Zürich — Die schwedische Fotografin Lina Scheynius (*1981, Vänersborg, Schweden) ist Autodidaktin und fotografiert unermüdlich seit ihrem zehnten Lebensjahr, als sie eine Kamera geschenkt bekam. Zunächst lichtete sie ihr Umfeld ab. Mit der Zeit hat sie den Blick auf sich selbst, namentlich auf ihren nackten Körper gerichtet.
Seit 2006 veröffentlicht sie ihre Fotografien über Flickr, später kamen Tumblr, Facebook und Instagram hinzu. Gleich hatte sie sehr viele Followers, die zunehmend eine grosse Fangemeinde bilden. Social Media setzt Lina Scheynius ein, um ihre visuelle Leistung zu präsentieren und zu experimentieren. «Ich mag wirklich, dass auf online nichts dauerhaft ist», erklärt sie, und dies gibt ihr ein Gefühl der Freiheit. Am liebsten dokumentiert sie ihre Fotografien in selbstveröffentlichten Fotobüchern. Ihr erstes brachte sie 2008 heraus, darauf folgte fast jedes Jahr ein weiteres, gebundenes Nachfolgemodell und nun ist mit dem eben erschienen Buch eine neunteilige Reihe von offenen Journalen zusammengekommen. Ausser den differenten schwarz-weiss Fotografien sind die meisten der darin abgebildeten Werke auch in der Ausstellung zu sehen. Es sind Nackt-, Naturaufnahmen und Stillleben.
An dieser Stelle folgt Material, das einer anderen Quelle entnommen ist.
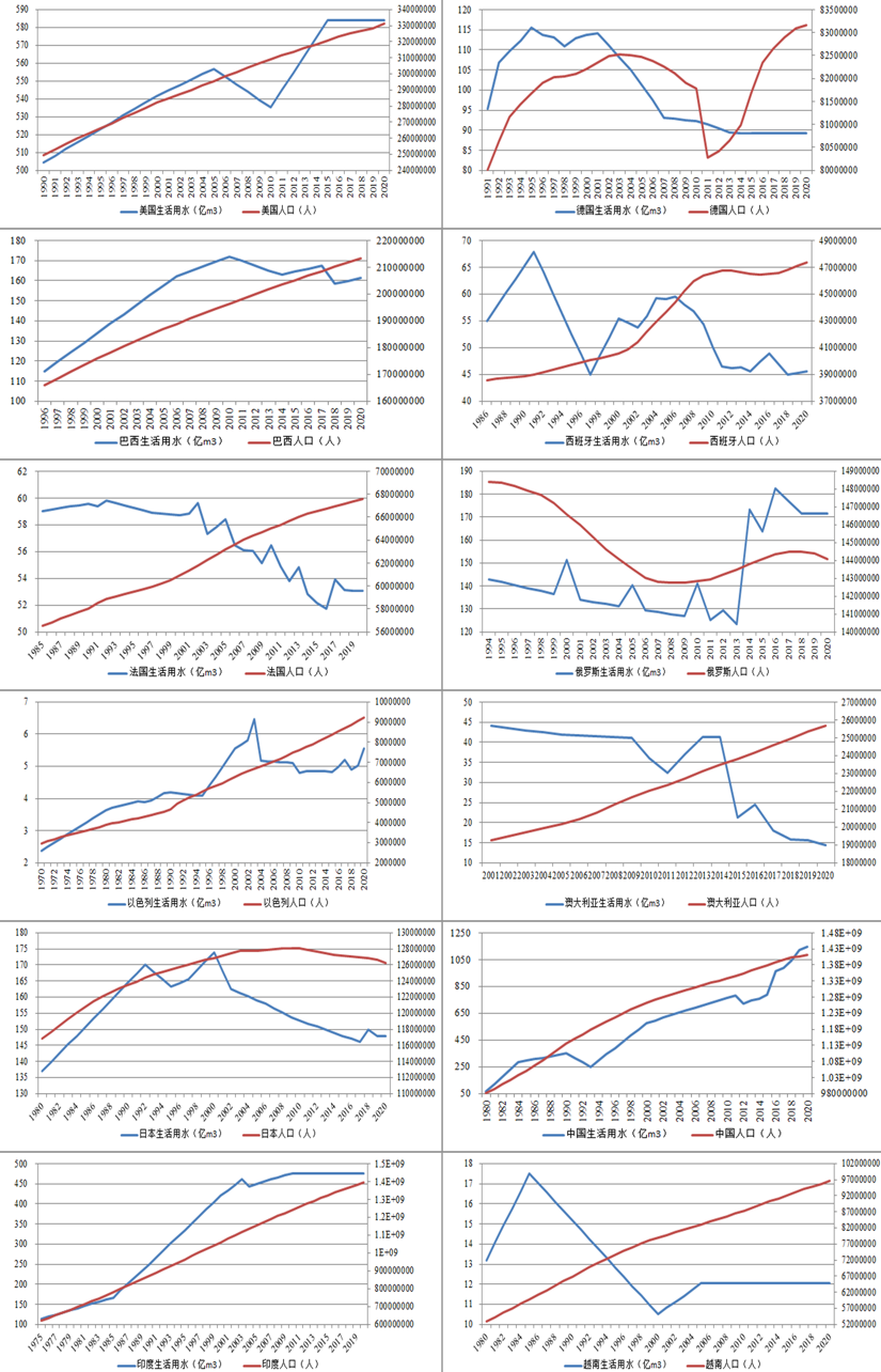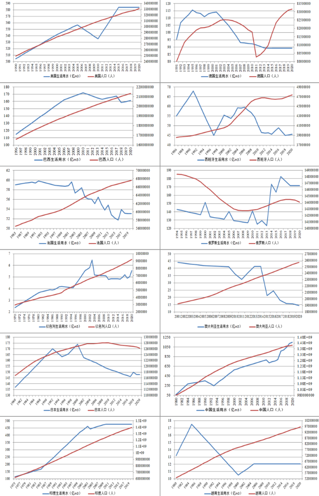 2021年5月14日,習近平總書記在河南省南陽市主持召開推進南水北調后續工程高質量發展座談會時強調,要堅持遵循規律,研判把握水資源長遠供求趨勢、區域分布和結構特征,科學確定工程規模和總體布局。這既是對南水北調后續工程規劃設計的要求,也是我們開展水利規劃和水利投資項目前期工作必須遵循的基本原則。需水預測是水資源規劃、水利工程建設的基礎。進入新發展階段,全國水資源需求趨勢發生深刻變化,迫切需要貫徹落實習近平總書記的治水新思路,梳理新情況,把準新形勢,遵循客觀規律,以系統觀念開展需水預測研究,為科學治水奠定扎實的基礎。 一、黨的十八大以來全國實際用水態勢已發生明顯變化 本世紀以來全國的用水態勢發生了很大的變化,由黨的十八大以前總體增長的態勢轉變為增速降低甚至負增長的態勢:一是用水總量上,自2013年全國用水量達到6183億m3后總體呈降低趨勢,2013年-2019年基本降至6100億m3以下,2020年至今已不足6000億m3。以5年區間進行比對,全國用水總量由增轉降,近10年回落至負增長。二是用水結構上,黨的十八大以來,農業和工業用水量總體降低,工業用水降幅較大;生活和人工生態環境補水量總體增加,人工生態環境補水量增加顯著。用水量和用水結構變化情況詳見圖1和圖2。 數據來源:全國水資源公報。 圖1 近25年全國每5年用水量變化示意圖(單位:億m3) 數據來源:全國水資源公報。 圖2 近25年全國每5年用水結構變化示意圖 用水總量包括生產生活用水量(生活、工業和農業用水量)和人工生態環境補水量,在水資源公報統計中,人工生態環境補水量從無到有,且占總用水量的比重越來越大,增長明顯。如扣除人工生態環境補水因素,則過去25年全國生產生活總用水量僅2012年和2013年略超6000億m3,其余年份均未超過6000億m3,達峰后回落態勢更加明顯,詳見圖3。 數據來源:全國水資源公報。 圖3 近25年全國每5年經濟社會總用水變化示意圖(單位:億m3) 表1 近25年全國5年區間平均用水情況對比 數據來源:根據全國水資源公報數據做相關計算。 二、以往重大規劃及水利工程規劃設計的需水預測結果均明顯偏大 水資源需求預測的方法很多,主要包括指數預測法、定額預測法、趨勢預測法、數字模型法等。在以往我國水利工程規劃設計中,最常用的是定額法,有時也輔以趨勢法進行驗證,但預測成果普遍與實際偏差較大。從上世紀90年代以來編制的治水頂層規劃看,預測2000年全國需水量為6000億m3左右,而2000年-2005年全國實際用水量約5510億m3;預測2010年全國需水量為6300億~6988億m3,而時至今日全國實際用水量也未超6200億m3;預測2030年全國需水量為7000億~8000億m3、2050年為8500億m3,按照近年來用水總體下降的趨勢判斷,預測偏離可能更大。從重大引調水工程規劃來看,也存在同樣的問題。如,《南水北調工程總體規劃》預測2010年、2030年黃淮海地區總需水量分別為1636億和1820億m3,而2010年、2020年黃淮海地區實際用水量約1400億m3。需水預測是治水基礎,成果偏差大將可能導致頂層規劃失去對需水管理的指導作用,甚至帶來過度超前謀劃等負面影響。 出現預測成果偏大的原因,主要是對人口、經濟等指標預測偏差,對經濟發展與用水之間的規律把握不準,對新技術、新工藝、水環境治理和生態保護促進節約用水的作用預期過低等因素綜合導致的。進一步分析實際用水情況,黨的十八大以來全國用水增長主要驅動來自生活和人工生態環境補水,工業用水與經濟增量已脫鉤,農業用水與實灌面積、種植結構、降雨分布、節水水平等密切相關,在多個因素共同作用下,實際用水量波動下降。 表2 典型治水頂層設計需水預測成果 三、全國生產生活用水量已達峰 (一)新情況與新形勢 生產生活用水與經濟、人口等要素,用水機制、習慣等規律,集約發展、節約用水等要求,水資源調度、用水管理等水平關系密切。當前我國已進入高質量發展階段,影響需水預測的邊界條件更為復雜,并且面臨著諸多新情況和新形勢: 1.相關趨勢發生變化 一是關于人口發展,全國人口進入低出生率、低死亡率、低(或負)自然增長率的階段。2022年全國人口出現負增長,新冠疫情的沖擊有可能對人口產生一些負面影響,但結合多年來人口發展形勢,以及有關人口預測成果,全國總人口可能呈快速達峰或在未來幾年達峰后持續降低的趨勢。此外,全國人口老齡化加劇也將對需求側產生深刻影響。 數據來源:國家統計局。 圖4 1949-2022年全國年末總人口與人口自然增長率變化 二是關于工業發展。從生態文明建設、“雙碳”戰略等要求,以及人力條件、人口發展可能引發的供需側變化看,推動工業集約、綠色發展,探索智能化、綠色化、融合化發展路徑,提高發展能級,不斷提升技術裝備水平和增強資源綜合利用能力已成為發展趨勢。 三是關于農業發展,對于農業需水,最重要的是把握好種植面積和結構。目前我國基本實現了口糧安全,飼料糧存在一定缺口,受農村人力資源、人口老齡化加速、保障政策和土地資源等多因素影響,農業生產的需求側和供給側都將面臨深刻改變,未來農業種植部署存在很大不確定性,但推動農業生產實現現代化、規模化、產業化、集約節約化已成大勢所趨。 2.發展與用水之間關系發生變化 從世界各國淡水取用量和人口、經濟發展關系看,通過分析180余個國家淡水

Scheynius’ Umgang mit Nacktheit ist erfrischend natürlich und unbeschwert. Davon zeugt eine Reihe von Fotoarbeiten, die zufällig, fast roh aussehen, doch atmosphärisch aufgeladen sind: Etwa Lina Scheynius nackt auf einem Bett mit zerknülltem Bettlaken liegend, eingetaucht in ein zartes Lichtspiel. Die Lichtführung ist ausgeklügelt und die Komposition fein austariert. Als üppig-fleischlich nimmt sich der Blick ins Innere einer Rose aus, der die verwickelten Linien ihrer überlappenden Blumenblätter darstellt. Immer wieder hat die Fotografin in träumerisch beleuchteten, pastellfarbenen oder monochromen Kompositionen ihre Liebe zur Natur bekundet.
Mittlerweile arbeitet sie vermehrt mit Andeutungen: zum Beispiel mit einer leuchtend roten, angebissenen Pflaume in ihrer auf ihrem Oberschenkel ruhenden Hand. Diese Tendenz des «sich zurück nehmens» verstärkt sie noch mit den Mehrfachbelichtungen. In ‹Me in South of France, Summer 2016› tauchen in einer doppelt belichteten Fotografie hinter einer Fülle von kleinen Blüten der Fuchsien die Kontouren der Künstlerin auf, die so mit der Umgebung zu verschmelzen scheint, und dennoch ihrer Sprache treu bleibt, die Motive ineinander übergehen zu lassen.